Location
- 100 Shark Drive Port St. Joe, Florida United States 29°47′18″N 85°17′25″W﻿ / ﻿29.78833°N 85.29028°W

Information
- Type: Public
- School district: Gulf County Schools
- NCES School ID: 120069000868
- Principal: Josh Dailey
- Faculty: 31.70 (on FTE basis)
- Grades: 6 to 12
- Enrollment: 512 (2022-23)
- Student to teacher ratio: 16.15
- Colors: Gold and purple
- Nickname: Sharks
- Website: Official Homepage

= Port St. Joe High School =

Public high school in Florida, United States

Port St. Joe High School (PSJHS) is located in Port St. Joe, Florida. The school's athletic teams are known as the Sharks. It is a part of Gulf County Schools.

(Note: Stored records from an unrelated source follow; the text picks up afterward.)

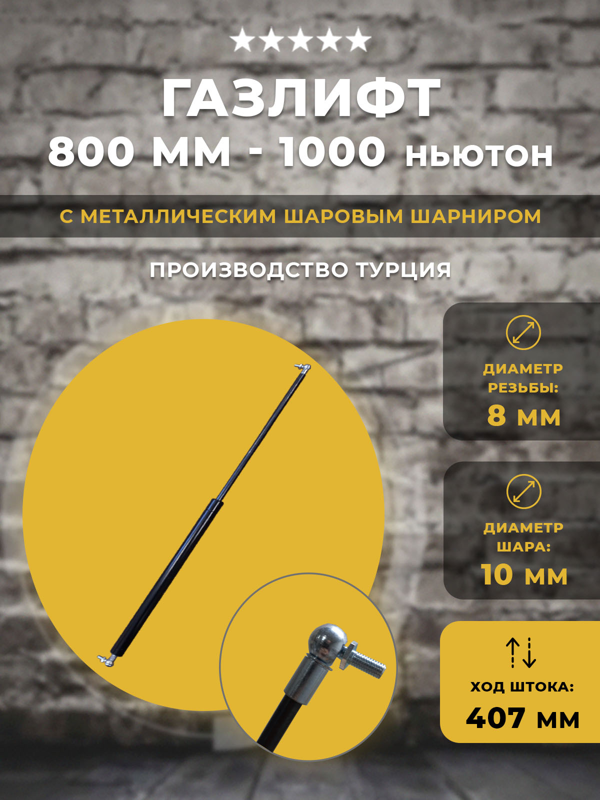 Газлифт для люков, техники, и других предназначений. Шариковый шарнир 10 мм с резьбовым пальцем 8 мм. Длина газлифта: 800 мм по центрам креплений. Ход штока: 407 мм. Диаметр штока/гильзы: 10/21мм. Цвет гильзы: черный. Нагрузка примерно 100 кг с учетом рычага подъема.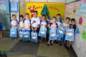 Em clima de alegria e gratidão por mais um ano letivo concluído com grandes realizações, os alunos da Educação Infantil ao Ensino Médio receberam em forma de carinho um mimo especial e ainda teve comemoração em clima natalino com a participação dos alunos da Educação Infantil e Fundamental I. O Colégio Paloma deseja aos alunos e seus familiares um Ano Novo repleto de alegria, amor, harmonia e paz.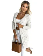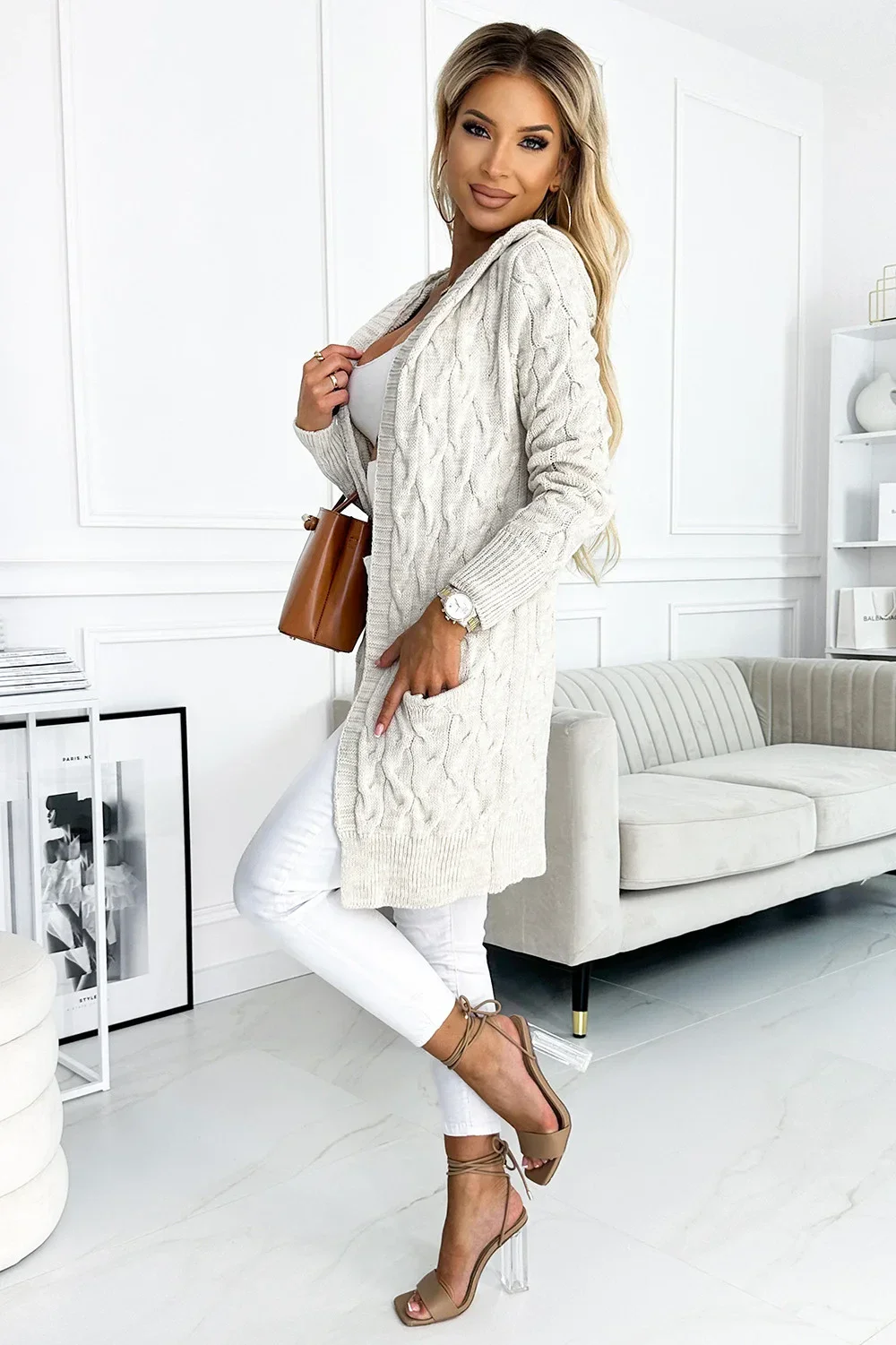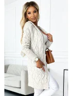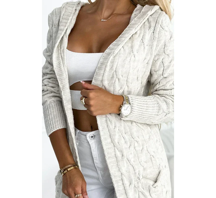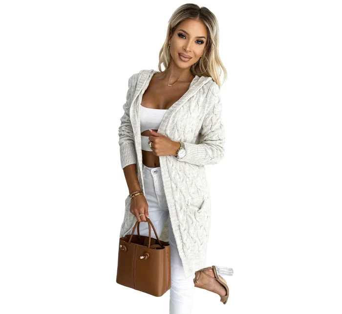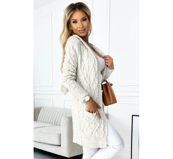 Hřejivýsvetr s kapucí a kapsami , vyrobený z béžové svetrové látky s kostkovaným vzorem, značky numoco, vyrobený v Evropě.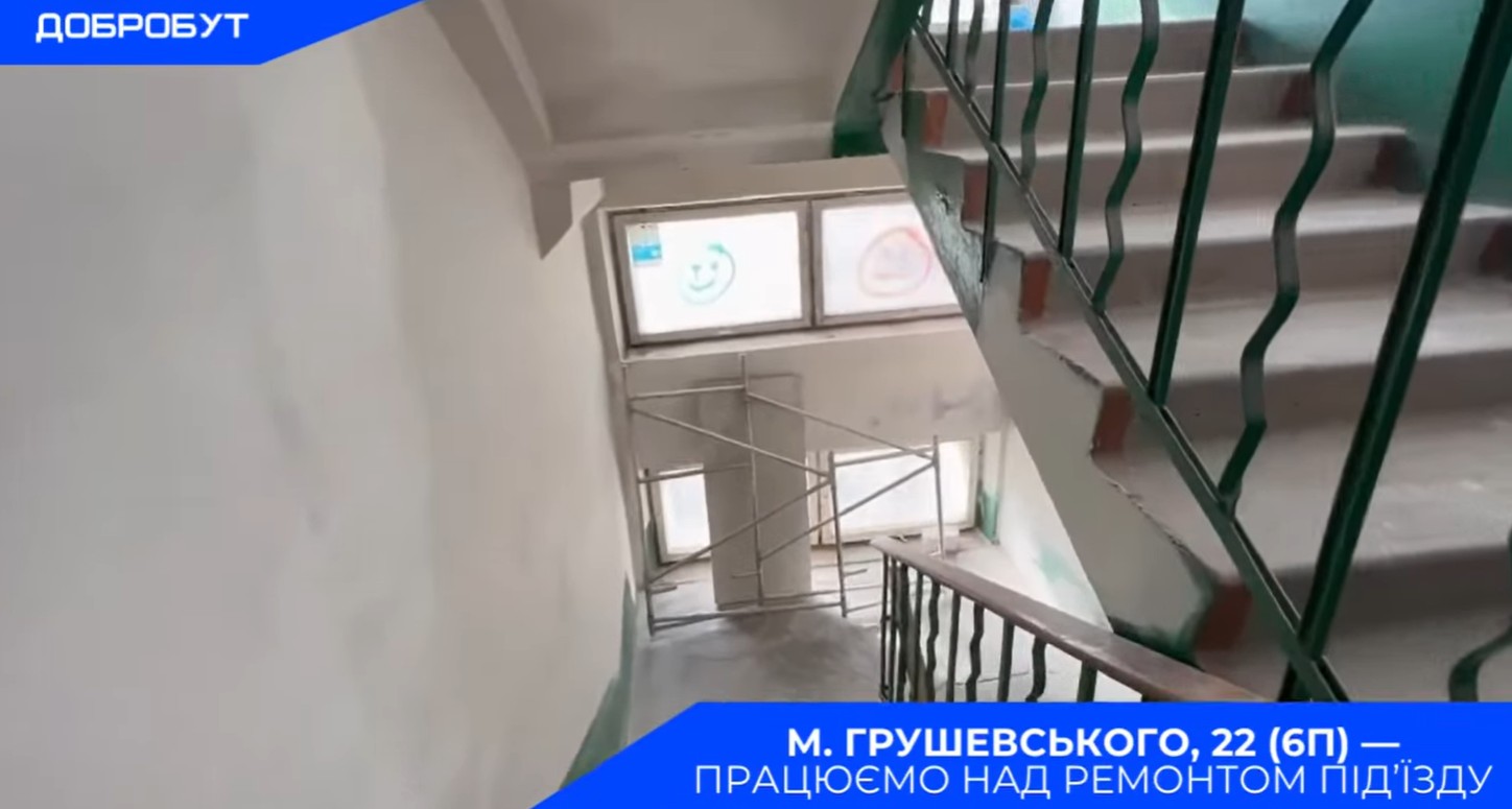 Тривають роботи у шостому під’їзді на вул. М. Грушевського, 22.

A previous building opened in the 1950s, and it later became the elementary school. The current facility opened in 1968. The school building was damaged by Hurricane Michael in 2018. Prior to Hurricane Michael, it had about 700 students. In 2019, the student count was 485, with some of the students being children of construction workers who moved to the area after the hurricane.

As of 2018 the Gulf County schools Mexico Beach students are assigned to are in Port St. Joe.

==Academic performance==
It was A-rated three consecutive years as of the 2016–17 school year.